Monounsaturated fat is made up of two pieces of Lego (with one bond). Polyunsaturated fat

is made up of several pieces of Lego, with several bonds. Which structure is most likely to be

broken down with the least amount of effort? Answer = polyunsaturated; because of the

multiple bonds keeping it together it is the easiest one to take apart. It is in the taking apart

of these molecules of fat that dangerous and harmful compounds are created.

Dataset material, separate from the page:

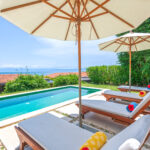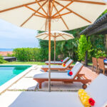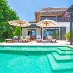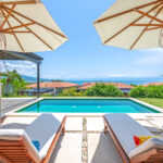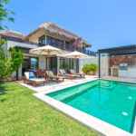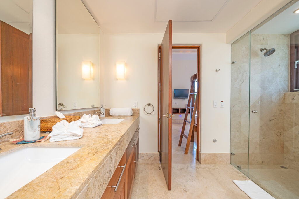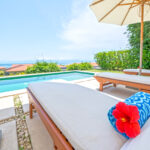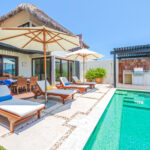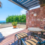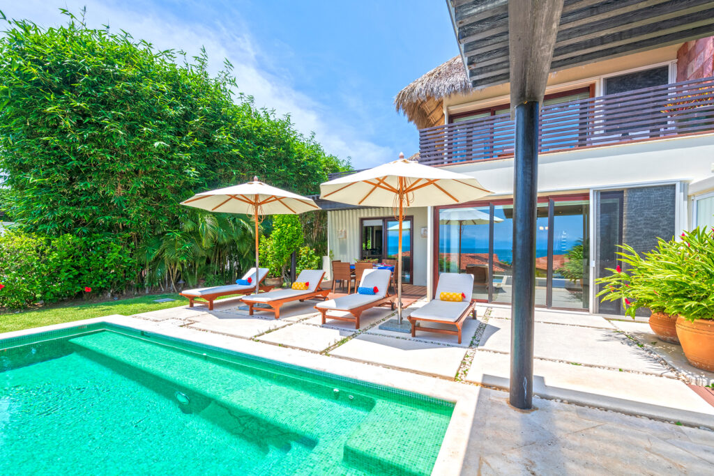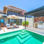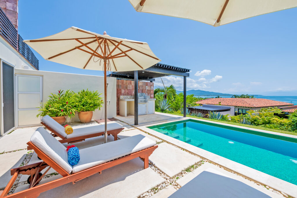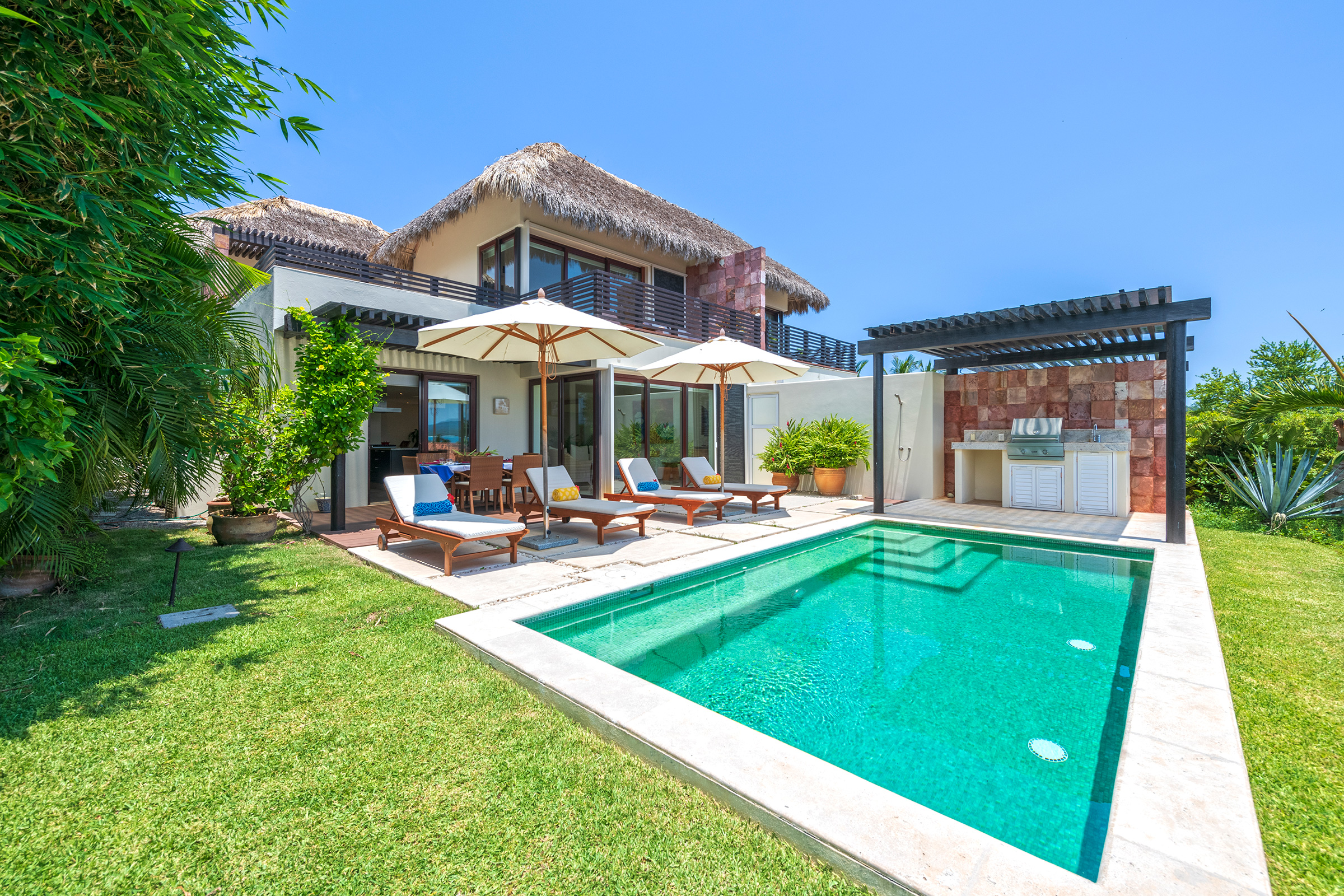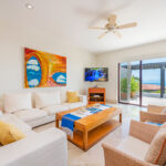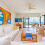 Experience luxury living in this stunning 3-bedroom, 4-bath oceanview villa in the exclusive Porta Fortuna community. Spanning 4,000 sq. ft. of indoor-outdoor space, the home features sweeping ocean views, a private pool, hot tub, and designer furnishings throughout. Enjoy seamless indoor-outdoor living with retractable glass walls in the upstairs master and living room. The villa comfortably sleeps up to 8 guests and includes access to resort-style amenities: a private beach club, concierge, housekeeping, chef service, and the renowned Sufi Restaurant just steps away. Every detail, from custom-crafted furniture to panoramic views, has been thoughtfully curated for guests who expect the same level of sophistication found at the Four Seasons or St. Regis.

It is also important to consider the quality of the oil when cooking. Look for oils that are

minimally processed, cold-pressed, non-GMO and organic when possible. Additionally, be

mindful of how much oil you are using in your cooking and use alternative cooking methods,

without frying, for most of your meals.


Polyunsaturated fatty acids, while not suitable for cooking, are crucial to our health. Omega

3 and Omega 6 belong to this group. They are referred to as “essential” fatty acids not just

because of their significance but because the body cannot make these types of fat and rely

entirely on the diet to provide them.


Omega-3 fatty acids, such as EPA and DHA are typically found in fatty wild-caught fish, such

as salmon, sardines, mackerel. These fatty acids are known for their anti-inflammatory

properties, which are beneficial to the heart, joints and brain. ALA is another type of

Omega-3 found in plant sources like walnuts, chia seed and flaxseed. Plant-based Omega-3

is not as useful as the fishy type because the body must convert ALA to EPA and DHA, and

that is not always successful. However, if you prefer to consume plant-based omega-3 have

the walnuts and seeds regularly and top up with an algae-based EPA/DHA supplement.

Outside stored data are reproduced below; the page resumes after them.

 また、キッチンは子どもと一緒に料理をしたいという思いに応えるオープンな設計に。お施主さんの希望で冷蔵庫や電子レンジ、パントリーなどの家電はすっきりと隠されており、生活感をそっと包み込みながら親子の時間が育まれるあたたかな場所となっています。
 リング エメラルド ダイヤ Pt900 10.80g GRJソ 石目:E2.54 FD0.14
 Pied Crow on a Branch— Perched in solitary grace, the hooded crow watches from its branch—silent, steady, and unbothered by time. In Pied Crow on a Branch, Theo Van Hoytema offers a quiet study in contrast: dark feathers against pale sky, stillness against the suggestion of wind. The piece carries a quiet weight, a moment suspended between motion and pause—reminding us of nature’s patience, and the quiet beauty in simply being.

On the other hand, omega-6 fatty acids, such as linoleic acid (LA), are commonly found in

vegetable oils, nuts and seeds (and their oils). While they are also “essential” for health,

they can have a pro-inflammatory effect when consumed in excess. The problem nowadays

is that these refined oils are used in most cooking, food processing and mass food

manufacturing. Research suggests that human beings evolved on a diet with a ratio of

omega-6 to omega-3 of 1. Meaning, back in the day, we used to consume equal measures of

omega 6 and omega 3. Nowadays, the typical Western diet the ratio is between 15:1 and

20:1, in favour of omega 6. This change in composition of fatty acids parallels a significant

increase in the prevalence of obesity, chronic inflammation and metabolic disorders such as

Type 2 diabetes, Cardiovascular disease, Cancer and Alzheimer’s Disease.

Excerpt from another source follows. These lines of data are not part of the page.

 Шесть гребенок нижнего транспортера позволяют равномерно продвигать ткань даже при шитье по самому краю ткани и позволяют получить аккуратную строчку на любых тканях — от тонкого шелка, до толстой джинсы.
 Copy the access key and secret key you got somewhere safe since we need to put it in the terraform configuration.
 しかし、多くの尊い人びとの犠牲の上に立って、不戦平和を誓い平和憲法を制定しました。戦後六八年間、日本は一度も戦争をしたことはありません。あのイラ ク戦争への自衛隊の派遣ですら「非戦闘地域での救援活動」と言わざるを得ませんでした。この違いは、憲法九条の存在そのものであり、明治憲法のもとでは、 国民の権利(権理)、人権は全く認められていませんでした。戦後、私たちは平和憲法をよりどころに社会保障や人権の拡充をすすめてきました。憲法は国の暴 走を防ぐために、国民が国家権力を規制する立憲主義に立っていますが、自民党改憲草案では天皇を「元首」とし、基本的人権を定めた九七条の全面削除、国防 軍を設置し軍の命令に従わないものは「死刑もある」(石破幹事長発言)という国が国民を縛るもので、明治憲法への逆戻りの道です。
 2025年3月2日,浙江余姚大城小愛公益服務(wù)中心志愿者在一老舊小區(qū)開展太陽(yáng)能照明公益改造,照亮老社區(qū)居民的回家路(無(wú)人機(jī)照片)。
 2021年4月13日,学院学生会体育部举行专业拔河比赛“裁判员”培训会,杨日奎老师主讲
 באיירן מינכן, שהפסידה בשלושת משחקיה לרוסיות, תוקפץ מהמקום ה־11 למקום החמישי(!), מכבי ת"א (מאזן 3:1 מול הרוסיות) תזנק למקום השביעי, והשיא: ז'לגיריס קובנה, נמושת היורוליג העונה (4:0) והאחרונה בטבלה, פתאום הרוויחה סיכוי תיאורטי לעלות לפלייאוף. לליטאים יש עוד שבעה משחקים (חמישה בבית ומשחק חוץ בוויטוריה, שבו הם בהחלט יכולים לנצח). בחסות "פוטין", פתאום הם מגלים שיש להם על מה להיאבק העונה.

Many studies indicate that maintaining the ratio between 4:1 and 1:1 is one of the most

important dietary factors in the prevention of obesity. Many studies indicate that

maintaining this ratio is also one of the most important factors in the prevention of chronic

inflammatory disease, as mentioned above. Despite all the studies, knowledge and

evidence the public are perpetually encouraged to consume omega-6 seed oils such as

rapeseed oil, sunflower seed oils and vegetables oils in processed foods, refined cooking

oils, breads, cereals, confectionary and countless other junk foods.


Here’s the short version - when it comes to oils, use saturated or monounsaturated fats for

cooking. Correct the ratio between omega 6 and omega 3 in your diet. Reduce omega 6

intake by avoiding all refined seed oils and limit ultra-processed foods. At the same time,

increase omega 3 foods in the diet or supplement if needs be to get the balance right.